◆ YOUR INSTRUCTIONS
Write the data out again in full, with no departure from the original.

======== RECORDS FOR THE TASK ========

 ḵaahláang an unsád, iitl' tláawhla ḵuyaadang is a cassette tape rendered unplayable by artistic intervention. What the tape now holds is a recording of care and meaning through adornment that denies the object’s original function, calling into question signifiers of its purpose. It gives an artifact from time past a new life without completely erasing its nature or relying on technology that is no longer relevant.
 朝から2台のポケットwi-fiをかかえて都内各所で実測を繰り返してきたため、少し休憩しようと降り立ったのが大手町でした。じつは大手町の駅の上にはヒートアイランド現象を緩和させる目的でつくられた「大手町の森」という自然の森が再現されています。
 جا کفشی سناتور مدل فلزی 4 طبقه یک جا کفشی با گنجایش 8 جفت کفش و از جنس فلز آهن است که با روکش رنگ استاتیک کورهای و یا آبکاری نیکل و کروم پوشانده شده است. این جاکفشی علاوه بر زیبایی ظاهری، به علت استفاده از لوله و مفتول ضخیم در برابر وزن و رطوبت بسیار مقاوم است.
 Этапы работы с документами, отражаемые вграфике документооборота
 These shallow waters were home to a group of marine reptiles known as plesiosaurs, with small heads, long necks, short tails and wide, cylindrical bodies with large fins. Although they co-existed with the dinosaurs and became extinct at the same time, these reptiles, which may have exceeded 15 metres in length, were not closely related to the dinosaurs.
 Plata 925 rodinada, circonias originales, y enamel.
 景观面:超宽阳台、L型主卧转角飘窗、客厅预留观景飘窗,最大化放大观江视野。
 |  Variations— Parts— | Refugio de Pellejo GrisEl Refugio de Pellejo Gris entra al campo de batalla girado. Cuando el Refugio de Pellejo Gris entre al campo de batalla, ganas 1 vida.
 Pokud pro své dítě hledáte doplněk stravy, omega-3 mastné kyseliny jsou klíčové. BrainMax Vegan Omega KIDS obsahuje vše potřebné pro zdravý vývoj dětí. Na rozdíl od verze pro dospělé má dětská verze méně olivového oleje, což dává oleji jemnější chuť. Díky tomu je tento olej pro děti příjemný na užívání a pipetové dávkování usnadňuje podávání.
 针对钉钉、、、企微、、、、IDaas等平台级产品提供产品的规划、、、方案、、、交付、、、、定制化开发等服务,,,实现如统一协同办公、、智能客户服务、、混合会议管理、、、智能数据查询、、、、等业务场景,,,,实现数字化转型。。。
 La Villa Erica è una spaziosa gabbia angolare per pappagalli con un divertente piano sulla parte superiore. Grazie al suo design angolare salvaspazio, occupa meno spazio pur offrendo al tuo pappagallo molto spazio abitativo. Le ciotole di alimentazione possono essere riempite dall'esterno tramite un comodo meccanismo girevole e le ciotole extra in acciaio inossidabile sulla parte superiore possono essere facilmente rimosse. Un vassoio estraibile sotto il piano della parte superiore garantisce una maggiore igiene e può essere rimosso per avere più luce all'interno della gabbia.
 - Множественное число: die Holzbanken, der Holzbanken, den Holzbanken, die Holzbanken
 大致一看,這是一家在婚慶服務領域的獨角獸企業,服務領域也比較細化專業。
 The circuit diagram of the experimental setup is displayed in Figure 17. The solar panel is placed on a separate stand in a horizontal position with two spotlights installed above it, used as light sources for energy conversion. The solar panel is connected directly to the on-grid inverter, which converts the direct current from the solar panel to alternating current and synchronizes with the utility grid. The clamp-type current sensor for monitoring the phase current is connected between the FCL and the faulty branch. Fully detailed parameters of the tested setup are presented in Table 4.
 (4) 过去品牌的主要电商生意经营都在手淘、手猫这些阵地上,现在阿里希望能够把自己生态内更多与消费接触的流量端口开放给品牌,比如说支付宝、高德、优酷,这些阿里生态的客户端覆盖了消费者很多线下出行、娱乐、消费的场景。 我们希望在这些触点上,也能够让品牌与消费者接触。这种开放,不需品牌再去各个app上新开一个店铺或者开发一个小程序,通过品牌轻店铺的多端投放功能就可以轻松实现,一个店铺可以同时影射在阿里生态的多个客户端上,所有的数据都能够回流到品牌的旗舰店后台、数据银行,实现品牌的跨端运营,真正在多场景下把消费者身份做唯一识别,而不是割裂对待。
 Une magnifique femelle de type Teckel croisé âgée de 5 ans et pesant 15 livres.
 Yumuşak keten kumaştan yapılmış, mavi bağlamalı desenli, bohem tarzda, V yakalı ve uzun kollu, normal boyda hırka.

========

◆ OUTPUT
 ḵaahláang an unsád, iitl' tláawhla ḵuyaadang is a cassette tape rendered unplayable by artistic intervention. What the tape now holds is a recording of care and meaning through adornment that denies the object’s original function, calling into question signifiers of its purpose. It gives an artifact from time past a new life without completely erasing its nature or relying on technology that is no longer relevant.
 朝から2台のポケットwi-fiをかかえて都内各所で実測を繰り返してきたため、少し休憩しようと降り立ったのが大手町でした。じつは大手町の駅の上にはヒートアイランド現象を緩和させる目的でつくられた「大手町の森」という自然の森が再現されています。
 جا کفشی سناتور مدل فلزی 4 طبقه یک جا کفشی با گنجایش 8 جفت کفش و از جنس فلز آهن است که با روکش رنگ استاتیک کورهای و یا آبکاری نیکل و کروم پوشانده شده است. این جاکفشی علاوه بر زیبایی ظاهری، به علت استفاده از لوله و مفتول ضخیم در برابر وزن و رطوبت بسیار مقاوم است.
 Этапы работы с документами, отражаемые вграфике документооборота
 These shallow waters were home to a group of marine reptiles known as plesiosaurs, with small heads, long necks, short tails and wide, cylindrical bodies with large fins. Although they co-existed with the dinosaurs and became extinct at the same time, these reptiles, which may have exceeded 15 metres in length, were not closely related to the dinosaurs.
 Plata 925 rodinada, circonias originales, y enamel.
 景观面:超宽阳台、L型主卧转角飘窗、客厅预留观景飘窗,最大化放大观江视野。
 |  Variations— Parts— | Refugio de Pellejo GrisEl Refugio de Pellejo Gris entra al campo de batalla girado. Cuando el Refugio de Pellejo Gris entre al campo de batalla, ganas 1 vida.
 Pokud pro své dítě hledáte doplněk stravy, omega-3 mastné kyseliny jsou klíčové. BrainMax Vegan Omega KIDS obsahuje vše potřebné pro zdravý vývoj dětí. Na rozdíl od verze pro dospělé má dětská verze méně olivového oleje, což dává oleji jemnější chuť. Díky tomu je tento olej pro děti příjemný na užívání a pipetové dávkování usnadňuje podávání.
 针对钉钉、、、企微、、、、IDaas等平台级产品提供产品的规划、、、方案、、、交付、、、、定制化开发等服务,,,实现如统一协同办公、、智能客户服务、、混合会议管理、、、智能数据查询、、、、等业务场景,,,,实现数字化转型。。。
 La Villa Erica è una spaziosa gabbia angolare per pappagalli con un divertente piano sulla parte superiore. Grazie al suo design angolare salvaspazio, occupa meno spazio pur offrendo al tuo pappagallo molto spazio abitativo. Le ciotole di alimentazione possono essere riempite dall'esterno tramite un comodo meccanismo girevole e le ciotole extra in acciaio inossidabile sulla parte superiore possono essere facilmente rimosse. Un vassoio estraibile sotto il piano della parte superiore garantisce una maggiore igiene e può essere rimosso per avere più luce all'interno della gabbia.
 - Множественное число: die Holzbanken, der Holzbanken, den Holzbanken, die Holzbanken
 大致一看,這是一家在婚慶服務領域的獨角獸企業,服務領域也比較細化專業。
 The circuit diagram of the experimental setup is displayed in Figure 17. The solar panel is placed on a separate stand in a horizontal position with two spotlights installed above it, used as light sources for energy conversion. The solar panel is connected directly to the on-grid inverter, which converts the direct current from the solar panel to alternating current and synchronizes with the utility grid. The clamp-type current sensor for monitoring the phase current is connected between the FCL and the faulty branch. Fully detailed parameters of the tested setup are presented in Table 4.
 (4) 过去品牌的主要电商生意经营都在手淘、手猫这些阵地上,现在阿里希望能够把自己生态内更多与消费接触的流量端口开放给品牌,比如说支付宝、高德、优酷,这些阿里生态的客户端覆盖了消费者很多线下出行、娱乐、消费的场景。 我们希望在这些触点上,也能够让品牌与消费者接触。这种开放,不需品牌再去各个app上新开一个店铺或者开发一个小程序,通过品牌轻店铺的多端投放功能就可以轻松实现,一个店铺可以同时影射在阿里生态的多个客户端上,所有的数据都能够回流到品牌的旗舰店后台、数据银行,实现品牌的跨端运营,真正在多场景下把消费者身份做唯一识别,而不是割裂对待。
 Une magnifique femelle de type Teckel croisé âgée de 5 ans et pesant 15 livres.
 Yumuşak keten kumaştan yapılmış, mavi bağlamalı desenli, bohem tarzda, V yakalı ve uzun kollu, normal boyda hırka.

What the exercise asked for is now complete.